→ Exercise directions: A word-for-word copy of the records that follow is needed, with every picture omitted.

Source records below:

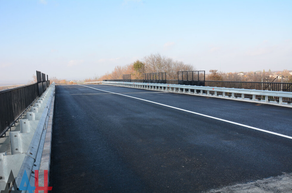 Добавим, что наиболее сложным этапом восстановления объекта стал монтаж металлических балок пролетного строения. Новые балки, изготовленные на Донецком заводе металлоконструкций, весили около девяти тонн и имели длину более 20 метров. Металлические балки, состоящие из двух частей, предварительно монтировались на специальной монтажной площадке в цельную конструкцию и устанавливались взамен разрушенных бетонных. Кроме того, для подготовки подъездных путей к мосту специалисты ООО «Автобан» выполнили ямочный ремонт почти 2100 квадратных метров асфальтного покрытия. *ум*сж*нк
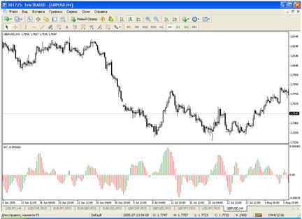 Из рисунка видим, как работает индикатор «ФРАКТАЛЫ» при выставлении отложенных ордеров на 4 часовом графике, происходит пробите ценой, уровня. Такая методика работает на всех валютных парах, и все временных периодах, только на каждом периоде свои стоп-лоссы и профиты. К примеру на 15 минутном графике, вам прийдется войти в рынок 15-20 раз в сутки, при этом будут и стоп лоссы и профиты, но как показывает практика, профитов больше, что позволяет нам оставаться в плюсе.Работая на 4 часах, необходимо отслеживать рынок каждые 4 часа.Только не забывайте, фракталы на BUY рисуются по цене BID, поэтому не забывайте прибавлять спрэд. Accelerator/Decelerator Oscillator-AC Цена - это последний элемент, который изменяется. Прежде чем изменится цена, изменяется движущая сила рынка, а перед тем, как движущая сила изменяет свое направление, ускорение движущей силы должно замедлиться и дойти до нуля. Затем она начинает ускоряться в противоположном направлении до тех пор, пока цена не начнет изменять свое направление.Технический Индикатор Ускорения/Замедления (Acceleration/Deceleration, AC) измеряет ускорение и замедление текущей движущей cилы. Этот индикатор будет изменять направление перед изменением движущей силы, а она в свою очередь будет изменять свое направление перед изменением цены. Понимание того, что АС является более ранним предупреждающим сигналом, дает очевидные преимущества.Нулевая линия - это, по существу, место, где движущая сила сбалансирована с ускорением. Если Осциллятор Ускорения/Замедления (Acceleration Deceleration, AC) выше нуля, то обычно бывает легче для ускорения продолжить движение наверх (и - наоборот, когда ниже нуля). В отличие от Аwesome Оscillator, пересечение нулевой линии не представляет собой сигнала. Единственное, что необходимо делать, чтобы контролировать рынок и принимать решения - это следить за изменением цвета. Чтобы избежать серьезных размышлений, необходимо помнить: при помощи АС нежелательно покупать, когда текущий столбец окрашен в красный цвет, и нежелательно продавать, когда текущий столбец окрашен в зеленый цвет.Если входить в рынок в направлении движущей силы (индикатор Acceleration/Deceleration выше нуля, при покупке, или он ниже нуля, при продаже), то необходимы только два зеленых столбца, чтобы купить (два красных столбца, чтобы продать). Если движущая сила против открываемой позиции (индикатор ниже нуля, при покупке, или выше нуля, при продаже), необходимо подтверждение, поэтому требуется дополнительный столбец. В этом случае необходимо, чтобы индикатор показывал три красных столбца выше нулевой линии, для короткой позиции и три зеленых столбца ниже нулевой линии, для длинной.
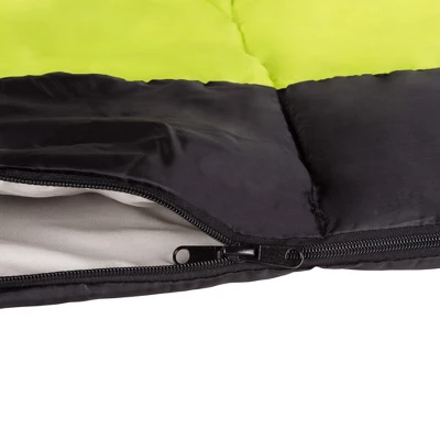 Fight chill on cools nights on your next camping trip with this Leisure Sports 2-Season Sleeping Bag. The bag is filled with hollow fiber insulation that keeps you warm on spring and summer nights when temperatures drop to 50 degrees, and the soft polyester lining is designed for maximum comfort while you rest.
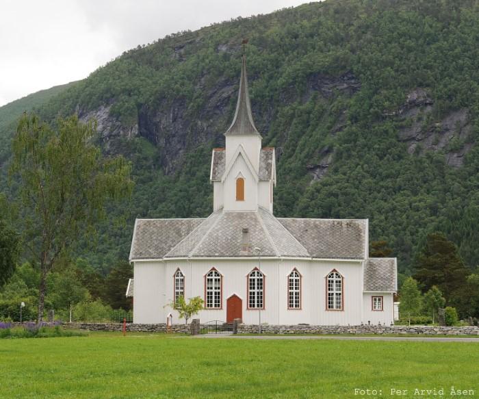 The Church of Sira, also known as the Eresfjord Church, is an octagonal church dating from 1869 and built of wood. Until about 1709, a stave church probably stood here, but because of its very poor condition, it was replaced by a new wooden church in the shape of a cross. Throughout the 19th century, this church was too small and in need of repair. In 1868-1869 the octagonal church was erected in its place.
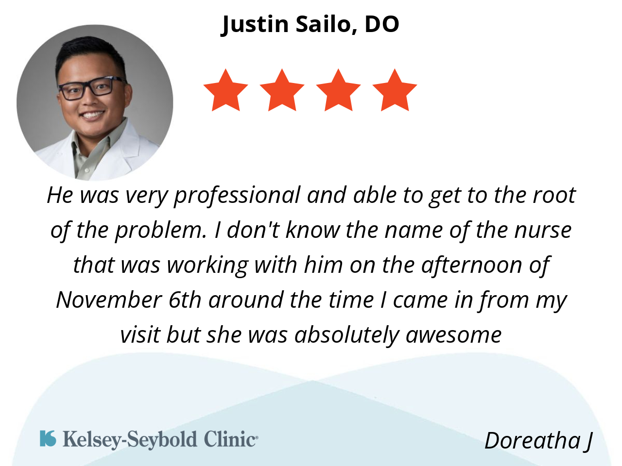 He was very professional and able to get to the root of the problem. I don't know the name of the nurse that was working with him on the afternoon of November 6th around the time I came in from my visit but she was absolutely awesome
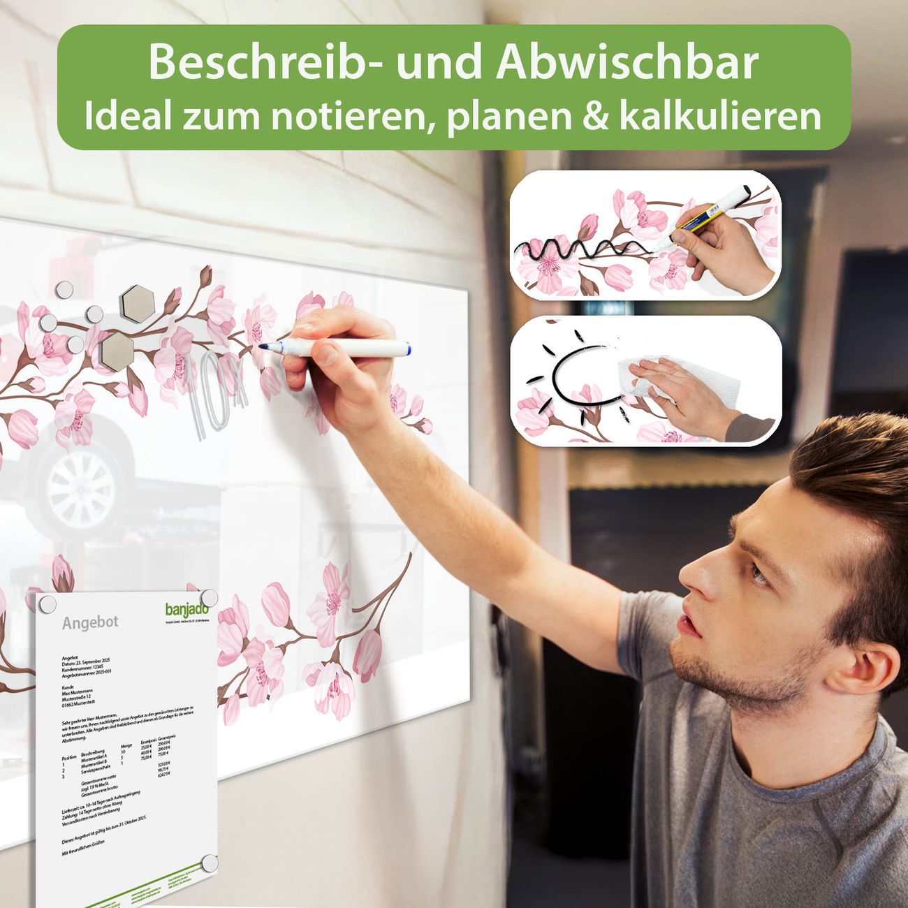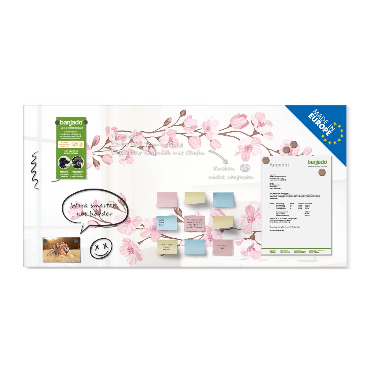 Material: 4mm Sicherheitsglas mit Metallrückwand Eigenschaften: beschreibbar, magnetisch, kratzfest Maße: 100x50x0,6cm, 7,50kg schwer Motiv Nummer 13528 Kirschblütenzauber Zubehör: inklusive 4 Neodym-Magnete
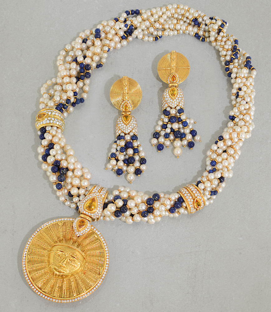 DEMI PARURE. In oro giallo 18 kt composta da coppia di orecchini a clip e da collana con grande medaglione, perle coltivate e boules di lapislazzuli, zaffiri gialli taglio goccia per tot. cts. 10,00 ca., diamanti taglio brillante per tot. cts. 10,00 ca.
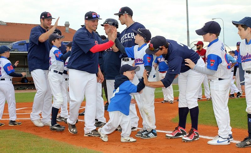 Nejlepší české baseballisty doprovázeli při nástupu na stadion mladí hráči Nuclears
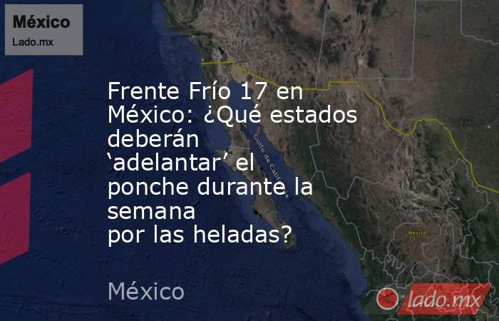 El Frente Frío 17 vendrá acompañado de una masa de aire polar que mantendrá un ambiente frío a gélido durante la mañana y la noche en zonas montañosas de la Mesa del Norte y la Mesa Central. Además, se prevén heladas al amanecer en por lo menos 10 entidades del país.
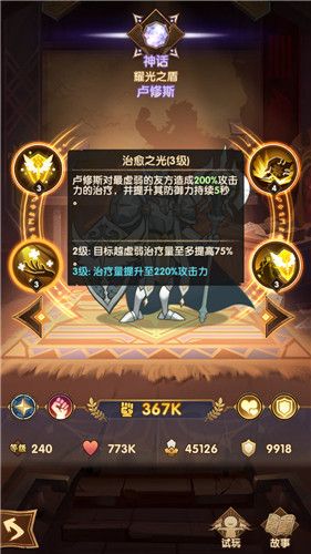 一定要升级一下卢修斯的圣光之盾技能和治愈之光技能,这两个技能的等级在达到这个3级之后会有一个质的改变,一定要主升哦。

End of Source records.

→ Answer section:
 Добавим, что наиболее сложным этапом восстановления объекта стал монтаж металлических балок пролетного строения. Новые балки, изготовленные на Донецком заводе металлоконструкций, весили около девяти тонн и имели длину более 20 метров. Металлические балки, состоящие из двух частей, предварительно монтировались на специальной монтажной площадке в цельную конструкцию и устанавливались взамен разрушенных бетонных. Кроме того, для подготовки подъездных путей к мосту специалисты ООО «Автобан» выполнили ямочный ремонт почти 2100 квадратных метров асфальтного покрытия. *ум*сж*нк
 Из рисунка видим, как работает индикатор «ФРАКТАЛЫ» при выставлении отложенных ордеров на 4 часовом графике, происходит пробите ценой, уровня. Такая методика работает на всех валютных парах, и все временных периодах, только на каждом периоде свои стоп-лоссы и профиты. К примеру на 15 минутном графике, вам прийдется войти в рынок 15-20 раз в сутки, при этом будут и стоп лоссы и профиты, но как показывает практика, профитов больше, что позволяет нам оставаться в плюсе.Работая на 4 часах, необходимо отслеживать рынок каждые 4 часа.Только не забывайте, фракталы на BUY рисуются по цене BID, поэтому не забывайте прибавлять спрэд. Accelerator/Decelerator Oscillator-AC Цена - это последний элемент, который изменяется. Прежде чем изменится цена, изменяется движущая сила рынка, а перед тем, как движущая сила изменяет свое направление, ускорение движущей силы должно замедлиться и дойти до нуля. Затем она начинает ускоряться в противоположном направлении до тех пор, пока цена не начнет изменять свое направление.Технический Индикатор Ускорения/Замедления (Acceleration/Deceleration, AC) измеряет ускорение и замедление текущей движущей cилы. Этот индикатор будет изменять направление перед изменением движущей силы, а она в свою очередь будет изменять свое направление перед изменением цены. Понимание того, что АС является более ранним предупреждающим сигналом, дает очевидные преимущества.Нулевая линия - это, по существу, место, где движущая сила сбалансирована с ускорением. Если Осциллятор Ускорения/Замедления (Acceleration Deceleration, AC) выше нуля, то обычно бывает легче для ускорения продолжить движение наверх (и - наоборот, когда ниже нуля). В отличие от Аwesome Оscillator, пересечение нулевой линии не представляет собой сигнала. Единственное, что необходимо делать, чтобы контролировать рынок и принимать решения - это следить за изменением цвета. Чтобы избежать серьезных размышлений, необходимо помнить: при помощи АС нежелательно покупать, когда текущий столбец окрашен в красный цвет, и нежелательно продавать, когда текущий столбец окрашен в зеленый цвет.Если входить в рынок в направлении движущей силы (индикатор Acceleration/Deceleration выше нуля, при покупке, или он ниже нуля, при продаже), то необходимы только два зеленых столбца, чтобы купить (два красных столбца, чтобы продать). Если движущая сила против открываемой позиции (индикатор ниже нуля, при покупке, или выше нуля, при продаже), необходимо подтверждение, поэтому требуется дополнительный столбец. В этом случае необходимо, чтобы индикатор показывал три красных столбца выше нулевой линии, для короткой позиции и три зеленых столбца ниже нулевой линии, для длинной.
 Fight chill on cools nights on your next camping trip with this Leisure Sports 2-Season Sleeping Bag. The bag is filled with hollow fiber insulation that keeps you warm on spring and summer nights when temperatures drop to 50 degrees, and the soft polyester lining is designed for maximum comfort while you rest.
 The Church of Sira, also known as the Eresfjord Church, is an octagonal church dating from 1869 and built of wood. Until about 1709, a stave church probably stood here, but because of its very poor condition, it was replaced by a new wooden church in the shape of a cross. Throughout the 19th century, this church was too small and in need of repair. In 1868-1869 the octagonal church was erected in its place.
 He was very professional and able to get to the root of the problem. I don't know the name of the nurse that was working with him on the afternoon of November 6th around the time I came in from my visit but she was absolutely awesome
 Material: 4mm Sicherheitsglas mit Metallrückwand Eigenschaften: beschreibbar, magnetisch, kratzfest Maße: 100x50x0,6cm, 7,50kg schwer Motiv Nummer 13528 Kirschblütenzauber Zubehör: inklusive 4 Neodym-Magnete
 DEMI PARURE. In oro giallo 18 kt composta da coppia di orecchini a clip e da collana con grande medaglione, perle coltivate e boules di lapislazzuli, zaffiri gialli taglio goccia per tot. cts. 10,00 ca., diamanti taglio brillante per tot. cts. 10,00 ca.
 Nejlepší české baseballisty doprovázeli při nástupu na stadion mladí hráči Nuclears
 El Frente Frío 17 vendrá acompañado de una masa de aire polar que mantendrá un ambiente frío a gélido durante la mañana y la noche en zonas montañosas de la Mesa del Norte y la Mesa Central. Además, se prevén heladas al amanecer en por lo menos 10 entidades del país.
 一定要升级一下卢修斯的圣光之盾技能和治愈之光技能,这两个技能的等级在达到这个3级之后会有一个质的改变,一定要主升哦。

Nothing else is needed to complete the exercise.